CANADA FX DEBT-C$ strengthens slightly as exports and oil climb

* Canadian dollar at C$1.3184, or 75.85 U.S. cents
    * Loonie touches weakest intraday in one week at C$1.3219.
    * Bond prices mixed across the yield curve

    By Fergal Smith
    TORONTO, Oct 5 (Reuters) - The Canadian dollar strengthened
slightly against its U.S. counterpart on Wednesday as a rise in
the country's exports reduced the risk of a Bank of Canada rate
cut and oil climbed to a three-month high.
    Canada's trade deficit in August shrank to C$1.94 billion,
its lowest level in eight months, on stronger non-energy
exports. The data offered further evidence the economy rebounded
strongly in the third quarter. 
    "Now that export volumes are up two straight months I think
the Bank of Canada will just sit back anticipating further
increases in exports going forward," said Sal Guatieri, senior
economist at BMO Capital Markets.
    The implied probability of a Bank of Canada rate cut by
mid-2017 dipped to less than 30 percent. It was nearly 50
percent before data on Friday showed the economy grew more than
expected in July.
    U.S. crude prices were up 1.93 percent at $49.63 a
barrel, supported by an industry report that U.S. inventories
probably fell for a fifth straight week and a recent deal by the
Organization of the Petroleum Exporting Countries to cut supply.
    At 9:29 a.m.
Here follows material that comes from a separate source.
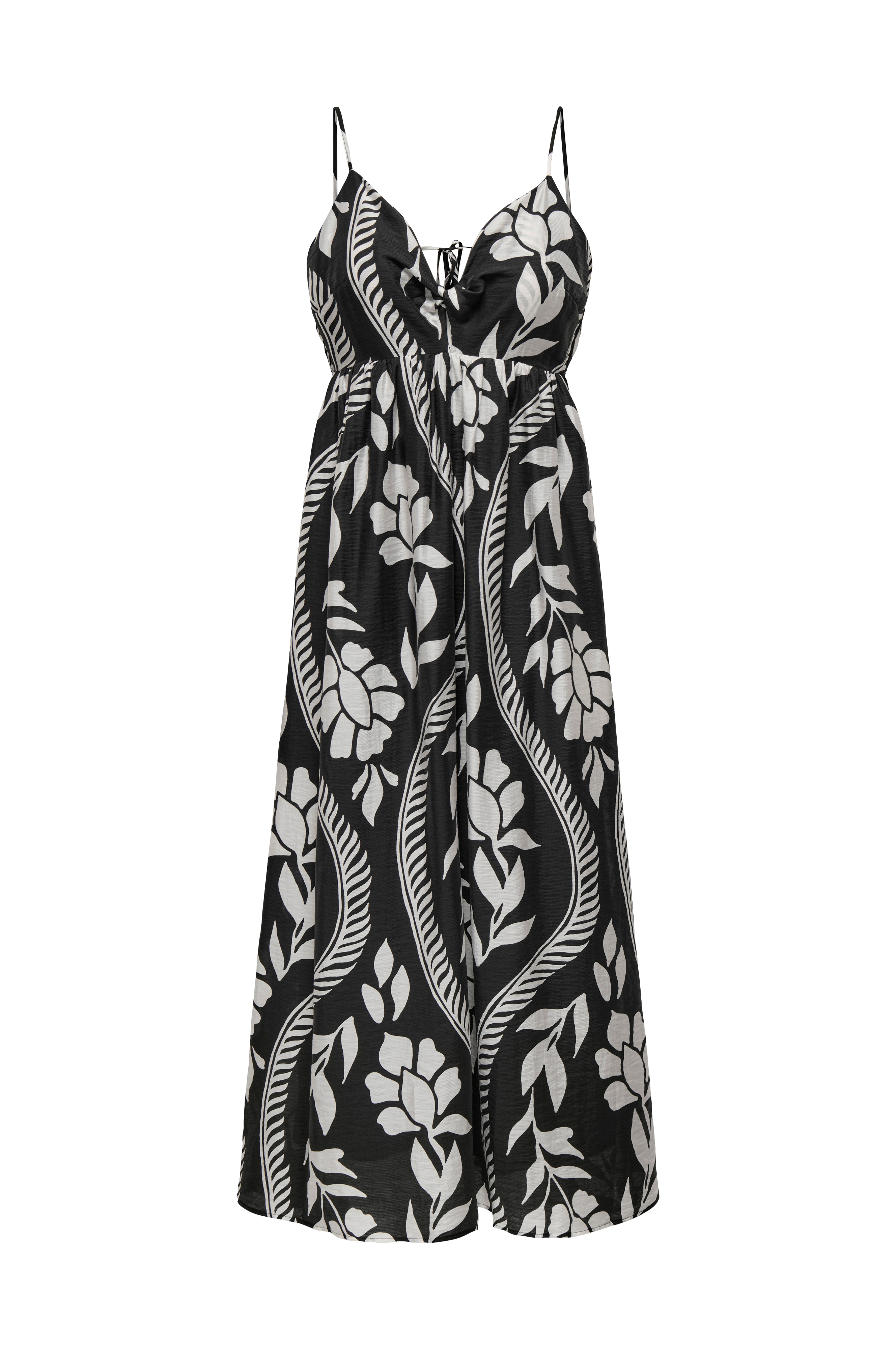 • Ærmeløs, v-formet model• Snoet detalje foran med kort slids• Tynde, justérbare skulderstropper• Åbning i ryggen med knudedetalje• Luftig tekstilforing• Elastik oppe bagved• Bølgeformede detaljer foran og bagpå• Længde: 124 cm i størrelse S

EDT (1329 GMT), the Canadian dollar 
was trading at C$1.3184 to the greenback, or 75.85 U.S. cents,
slightly stronger than Tuesday's close of C$1.3194, or 75.79
U.S. cents.
    The currency's strongest level of the session was C$1.3173,
while it touched its weakest point since Sept. 28 at C$1.3219. 
    Gains for the loonie were restrained as the prospect of the
European Central Bank eventually winding down its bond-buying
stimulus programme weighed on risk appetite.    
    Canadian government bond prices were mixed across the yield
curve with the two-year flat to yield 0.555 percent
and the benchmark 10-year falling 3 Canadian cents
to yield 1.071 percent.
    The 10-year yield fell 0.9 of a basis point further below
its U.S. equivalent to leave the spread at -62.4 basis points,
its largest gap since March 29.
    Canada's employment report for September is due on Friday.